Wisembly incident

App down

Major Resolved View vendor source →

Wisembly experienced a major incident on June 15, 2015, lasting 43m. The incident has been resolved; the full update timeline is below.

Started
Jun 15, 2015, 02:45 PM UTC
Resolved
Jun 15, 2015, 03:29 PM UTC
Duration
43m
Detected by Pingoru
Jun 15, 2015, 02:45 PM UTC

Update timeline

  1. investigating Jun 15, 2015, 02:45 PM UTC

    We currently have a major app outage. We are investigating and trying our best to make the thins up again.

  2. identified Jun 15, 2015, 02:49 PM UTC

    Application is up now, we restarted crippled processes. We're investigating further to understand what happened and keep you informed. Sorry for the trouble.

  3. resolved Jun 15, 2015, 03:29 PM UTC

    All systems are up again. We'll write shortly a post-mortem explaining what happened, what we've done and how to prevent that to happen again.

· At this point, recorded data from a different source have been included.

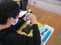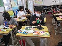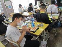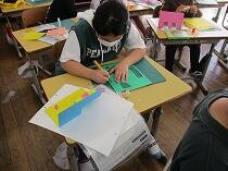 カッターを使うのにも慣れてきたのか、スムーズに作業が進んでいているように見えました。写真にあるように、教室に入ると、みんな集中していて、よい作品にしようという思いが伝わってきます。完成目指してがんばれ!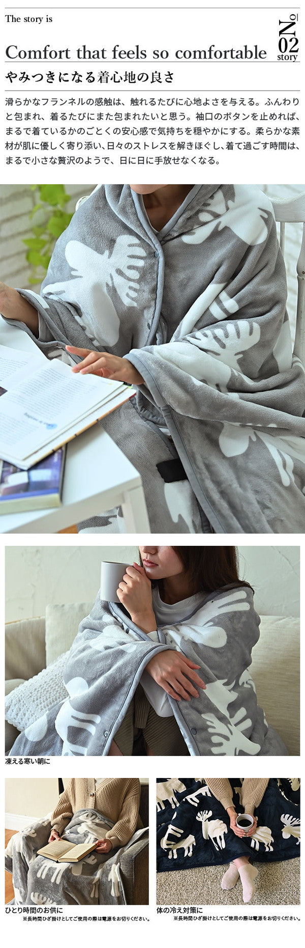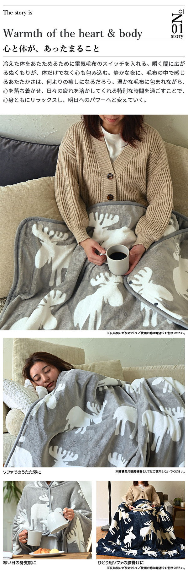 日本製 電気毛布 ブランケット 北欧 とろけるフランネル 着る電気毛布 curun クルン エルク柄 ノルディックスタイル 140×180cm ロングサイズ 着る毛布 電気ブランケット 電気ひざ掛け あったか(代引不可)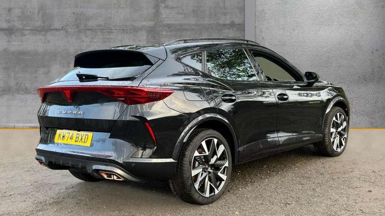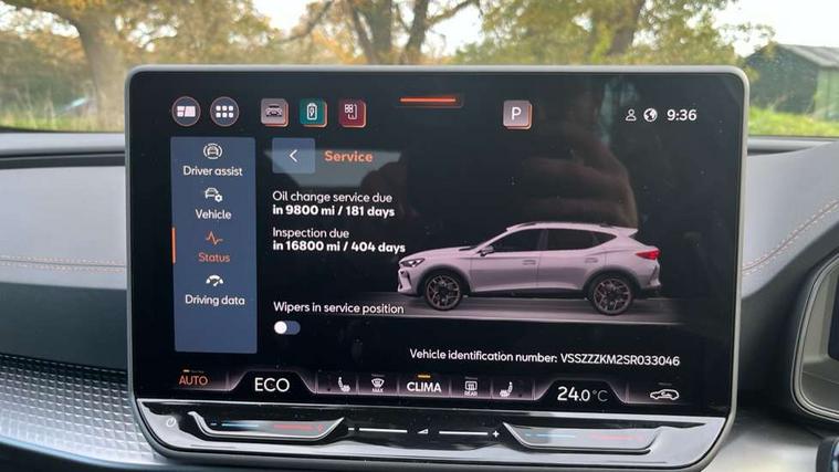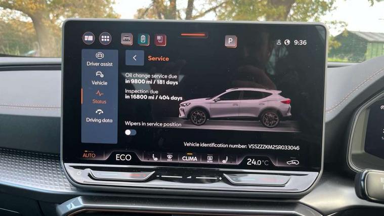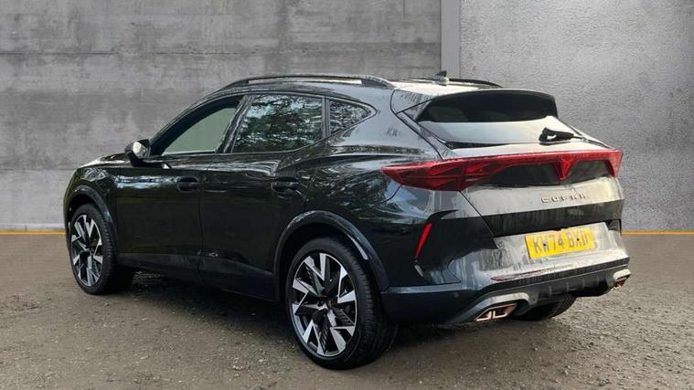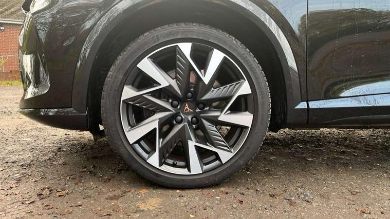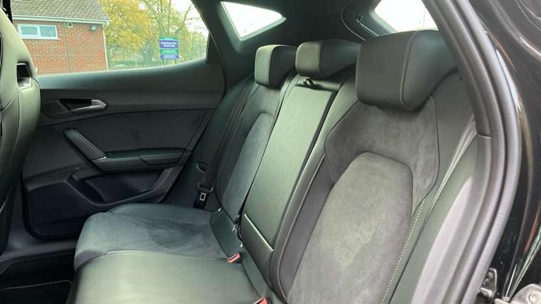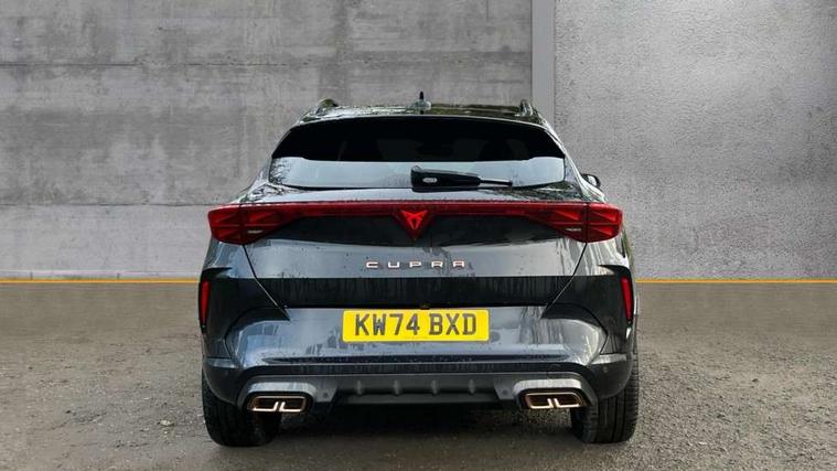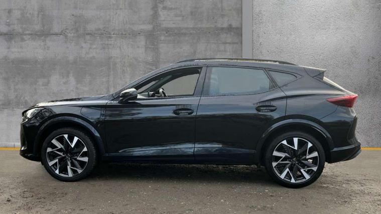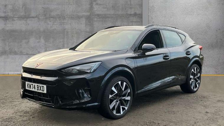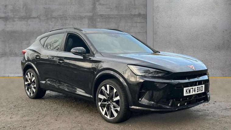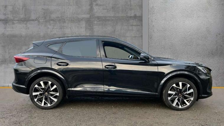 10.25" digital cockpit and configurable dashboard, Adaptive cruise control with follow-to-stop and speed limiter, Advanced driver alert system, Dynamic chassis control with driving profile selection (Comfort, Sport, CUPRA, Individual), Dynamic road sign display, Emergency steering support with turn assist, Forward collision warning with automatic braking, Front and rear parking sensors, Full link phone integration, Lane assist, Rear view camera, RPM, trip computer, outside temp gauge, instrument light brightness, low fuel warning light, lights on reminder, gearshift indicator, Service interval indicator, Speed sensitive power steering, Start/stop system with regenerative braking, Virtual pedal and electric tailgate, Voice control system, Wired Android Auto, Wireless apple carplay, Wireless phone charger, 10 amp mode 2 charging cable, 32 amp mode 3 charging cable, Adaptive chassis control with continuous operation, CUPRA sport suspension, Electronic locking differential and dynamic traction support, 2 front and 2 rear USB type C sockets, Media system with navigation, 12.9" touchscreen display, voice control, DAB, steering wheel mounted controls, Auto dimming rear view mirror, Body colour door handles, Body coloured bumpers, Dark grey wing mirror, Daytime running light with automatic headlight control and coming home feature, Door panel ambient lighting, Dynamic headlight range control, Electric front/rear windows, Electrically adjustable heated and folding door mirrors with memory function, Gloss black roof rails and window surrounds, High beam assist, LED 3rd brake light, LED front fog lamps with cornering function, LED Taillights with dynamic indicator, Matrix LED headlights with multifunction camera, Rain sensing wipers, Rear diffuser with copper simulated exhaust pipes, Rear fog lights, Rear side wing doors, Rear wash/wipe, Tinted rear windows, Welcome lights (within exterior mirror housing), 12V socket, 2 front and 2 rear reading lights, 3 seat bench in 2nd row, 60/40 split rear bench seat with armrest and mechanical seat release, Black headlining, Black interior roof lining, Cupra sports pedals, Dust/pollen filter, Electrically adjustable front seats with lumbar support and memory function, Front and rear head restraints, Front centre armrest, Heated front seats, Heated supersports multifunction leather steering wheel with satellite buttons and gear shift paddles, Height/reach adjust steering wheel, Illuminated aluminium doorsteps, Illuminated interior front door sills, Illuminated sunvisor with mirror, Isofix, Leather dashboard, door insert and side trim panel, LED smart wraparound lighting, PVC/Dinamica microfiber upholstery + bucket seats, Satellite steering wheel, Single front passenger seat, Storage pockets on rear of front seats, Three zone climate control with control panel in rear, 3 point seatbelts on all rear seats, ABS, Brake control system - ESC and brake booster, Child proof door locks, Driver and front passenger airbags with front passenger airbag de-activation, Electronic parking brake, Front and rear disc brakes, Front side curtain airbags, Hill hold control, Public e-call, Seat belt reminder for front and rear seats, Tyre pressure monitoring system, Anti theft alarm system, KESSY Advanced - Keyless start, keyless entry with SAFELOCK, Locking wheel bolts, Copper and aluminium interior detailing, 19" Sandstorm machined sport black and silver alloy wheels, Breakdown and tool kit,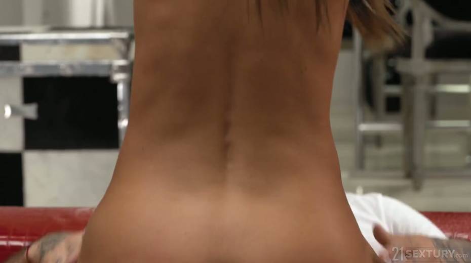 Beautiful babe Tina Kay takes a thick cock in her mouth and anal hole

  4. postmortem Aug 03, 2018, 05:32 PM UTC

    # 20151506 App down incident #### What happened Today at 04:46:50pm GMT+1 our application went down, for 11 minutes. Our team has been alerted few minutes later by automated probes and error logs. We went into our servers to see the problem. We found an important RAM consumption by our MySQL process, threatening the overall system RAM, preventing REDIS backup daemon to perform its regular backup snapshots. This problem affected some REDIS enabled API endpoints that made our PHP-FPM processes going wild. #### What we did We restarted MySQL process in order clear the buffer cache in RAM and make some room for other processes, especially REDIS automated backups. It was not sufficient, we had to restart PHP-FPM too to cool things down a bit. Once done, all system went green again #### How to avoid that in the future We looked into our server configuration with our backend team and housing provider, and clearly showed that the allowed RAM for MySQL was a bit edgy and could lead to what happened. We reduced so the allowed buffer size by 75%, leaving us enough room to cache all the needed things and leave enough space for all the other processes on the backed servers. We restarted again MySQL to take the configuration into account, and closely monitoring it performances in the near future.